Create Cloud Storage bucket

Change the name of the cloud storage bucket according to your environment.

gcloud storage buckets create gs://p6-wlm-oracle/ --uniform-bucket-level-access

upload your downloaded oracle binary into this bucket.

3. Create an Oracle Database deployment

To configure and deploy an Oracle Database, perform the following tasks:

  1. In the Google Cloud console, go to the Workload Manager page. Go to Workload Manager
  2. In the Workload Manager navigation pane, click Deployments.

c365f9c29a2121e9.png

  1. Select the project in which you want to create the deployment.
  2. Click Create deployment and choose Oracle Database.

320724ee5fcbaf60.png

8b528818af0cbf54.png

  1. If you don't have the required roles and permissions, the Guided Deployment Automation tool indicates the required roles and permissions. Click Grant and continue.

bb6e2aaeca30f613.png

In the Deployment basics section, enter information about your deployment and workload requirements. Workload Manager uses this basic information to determine the data to be collected in the subsequent tabs.

a5a6cc2fbae5fb39.png

60c2ccdc0432d886.png

  1. In the Virtual machine tab, do the following:

Change the primary region according to your environment.Fill the network details.And choose your Machine type.

15a7347196a82648.png

  1. Fill the Storage details. For the lab you may continue with the default values

853409670564d9a4.png

  1. Check the review page and click Create

211f40ed23c841b7.png

  1. This will be the page you will see : 388dca6a344b2b82.png

Note: The entire deployment process can take up to one to two hours to complete. The deployment process continues in the background. You can check the deployment dashboard once you receive the notification.

It will show Status as Active when finished and you can check the status of the VM.

b319983efb1e39aa.png

7bcf78895be9c638.png

4. Connecting to Oracle

SSH to the install-single-oracle-1 VM machine and check the oracle pmon process with "ps -ef | grep pmon " command .

ps -ef | grep pmon

c0ac5d7ce08ab9b.png

Sudo to the oracle user

sudo su - oracle

use sqlplus to connect to the database as sys user.

sqlplus / as sysdba

5. Clean Up

If you want to continue with other codelabs in this series ( client connectivity, monitoring services, etc) do not clean up your project.
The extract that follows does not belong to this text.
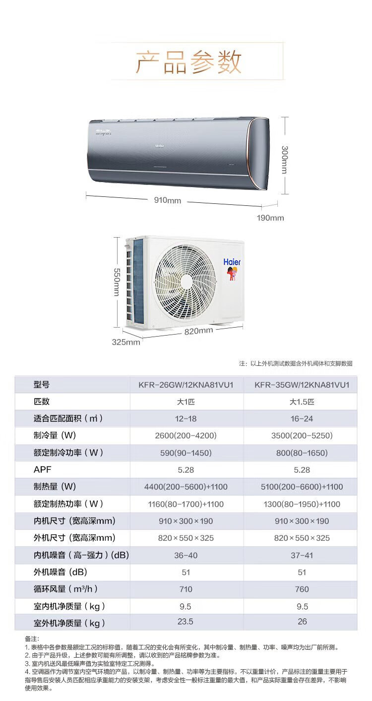 Haier (Haier) 1.5P hanging Thor new level of energy efficiency variable frequency heating and cooling 56 self-cleaning wall-mounted air conditioner KFR-35GW/12KNA81VU1 blue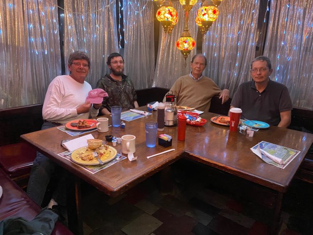 Jim Davis, Stephen Yanacek, Peter Fynn, and Robert Yanacek met this morning at the Jolly Roger for breakfast and discussion about our build session last evening. Also discussed was Jim's idea to construct Tiny-Tony foam board electric-powered planes for our next group build, culminating in a pylon race at our flying field.

To avoid incurring charges to your Google Cloud account for the resources used in this lab, follow these steps:

  1. In the Google Cloud console, go to the Manage resources page.
  2. In the project list, select the project that you want to delete, and then click Delete.
  3. In the dialog, type the project ID, and then click Shut down to delete the project.

6. Congratulations

Congratulations! You have successfully installed an Oracle database on GCE via Workload Manager.